Au cours des vingt dernières années, l’Union européenne a promu plus de quarante missions étrangères sur son propre continent, en Afrique ou au Moyen-Orient. La première a eu lieu en 2003 dans ce qui était alors la République yougoslave de Macédoine. Aujourd’hui, 24 missions sont encore en place, dont dix sont militaires et les autres civiles. Le débat sur la guerre et la paix et sur le rôle militaire de l’Europe devient central dans une région gravement blessée par la confrontation entre la Russie et l’Ukraine.
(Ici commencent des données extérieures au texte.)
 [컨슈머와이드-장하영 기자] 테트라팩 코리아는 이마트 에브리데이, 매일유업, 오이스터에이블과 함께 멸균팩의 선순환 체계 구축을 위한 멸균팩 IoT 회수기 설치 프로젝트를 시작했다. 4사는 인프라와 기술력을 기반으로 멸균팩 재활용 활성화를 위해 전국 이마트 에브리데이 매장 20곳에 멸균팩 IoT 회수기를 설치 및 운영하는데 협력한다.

Cette question pourrait influencer les élections du Parlement européen qui se tiendront entre le 6 et le 9 juin, avec des votes pour sanctionner ou soutenir les forces les plus bellicistes.
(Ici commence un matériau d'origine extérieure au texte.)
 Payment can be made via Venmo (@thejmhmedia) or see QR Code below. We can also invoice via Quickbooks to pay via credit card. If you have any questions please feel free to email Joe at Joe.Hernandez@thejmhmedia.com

Les objectifs déclarés de ces missions comprennent des buts louables tels que la prévention des conflits, le renforcement de la paix et de la sécurité internationale, le soutien de l’État de droit ou la gestion des crises. L’UE affirme qu’elles sont adaptées aux circonstances locales et qu’elles impliquent généralement une formation militaire et la fourniture d’équipements aux armées nationales.
Toutefois, comme le montre le récent rapport du Transnational Institute (TNI) intitulé « Under the Radar : 20 Years of EU Military Missions », ces missions n’ont pas grand-chose à voir avec la « promotion de la paix, de la prospérité et de la sécurité ». Elles visent surtout la promotion des « intérêts européens » au détriment des intérêts locaux et des populations des États hôtes.
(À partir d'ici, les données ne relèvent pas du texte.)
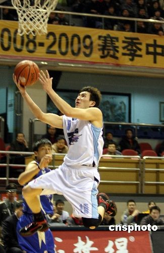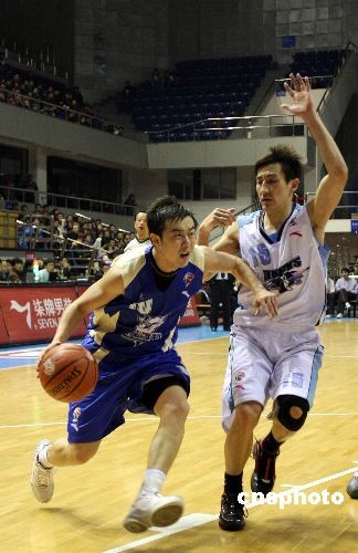 2月16日晚,CBA第35轮最后一场比赛中,北京金隅队主场迎战东莞马可波罗队,全场比赛东莞队防守松懈,外援进攻乏力,而北京队队员积极主动,比分一直领先,最终以21分的优势战胜对手,取得了进军季后赛关键的一场胜利。中新社发 王韶骅 摄

Selon TNI et dans un contexte critique, « la réponse de l’UE à l’invasion de l’Ukraine par la Russie et, plus récemment, au génocide israélien à Gaza, n’est pas passée inaperçue aux yeux des Européens, dont beaucoup sont descendus dans la rue pour protester contre la complicité de l’UE dans la guerre et le génocide » (https://www.tni.org/es/node/18581).
Le rapport affirme que ces missions n’ont guère contribué à la résolution des conflits. C’est le cas, par exemple, en Bosnie-Herzégovine où les tensions sous-jacentes, enracinées dans des questions politiques non résolues, n’ont pu être débloquées par le déploiement de personnel militaire. Dans d’autres cas, comme dans la région du Sahel en Afrique, non seulement elles n’ont pas réussi à résoudre les conflits, mais elles les ont exacerbés.
En Afrique, au cours des 20 dernières années, de nombreuses forces militaires formées sous les auspices de l’UE ont perpétré des violations flagrantes des droits humains ou participé à des coups d’État militaires. Le Mozambique en est peut-être l’exemple le plus récent et le plus notoire, même s’il n’est pas exceptionnel. En dépit de son principe déclaré de respect de l’État de droit, l’UE a souvent soutenu des gouvernements corrompus et autoritaires, ou dont le bilan en matière de droits humains était médiocre. Cela afin de préserver ses propres intérêts politiques et économiques. « Il s’agit d’une attitude imprudente et irresponsable qui trahit les valeurs que l’UE prétend défendre », affirme le rapport de la TNI. Cette dernière précise encore que l’UE ne dispose pas d’une méthodologie adéquate pour évaluer l’efficacité de ses missions, au point qu’elle « admet elle-même qu’elle n’a atteint que peu de ses objectifs déclarés.
L’étude de la TNI note que ces missions, en raison de leur mode d’établissement et de fonctionnement, sapent les structures multilatérales, telles que les Nations unies, les États et les systèmes nationaux et régionaux. Elles souffrent également d’un grave manque de contrôle démocratique. Le Parlement européen, seule institution européenne démocratiquement élue, n’a qu’un pouvoir de décision très limité en matière de politique étrangère. Depuis plusieurs années, les missions militaires sont financées par un fonds extrabudgétaire échappant à tout contrôle démocratique. Enfin, elles échappent au contrôle judiciaire car l’UE ne dispose pas d’une organisation qui les sanctionnerait légalement à l’intérieur ou à l’extérieur. Elles ne relèvent pas non plus de la compétence de sa Cour de justice ou de la Convention européenne des droits de l’homme, qui ne s’applique qu’aux États membres.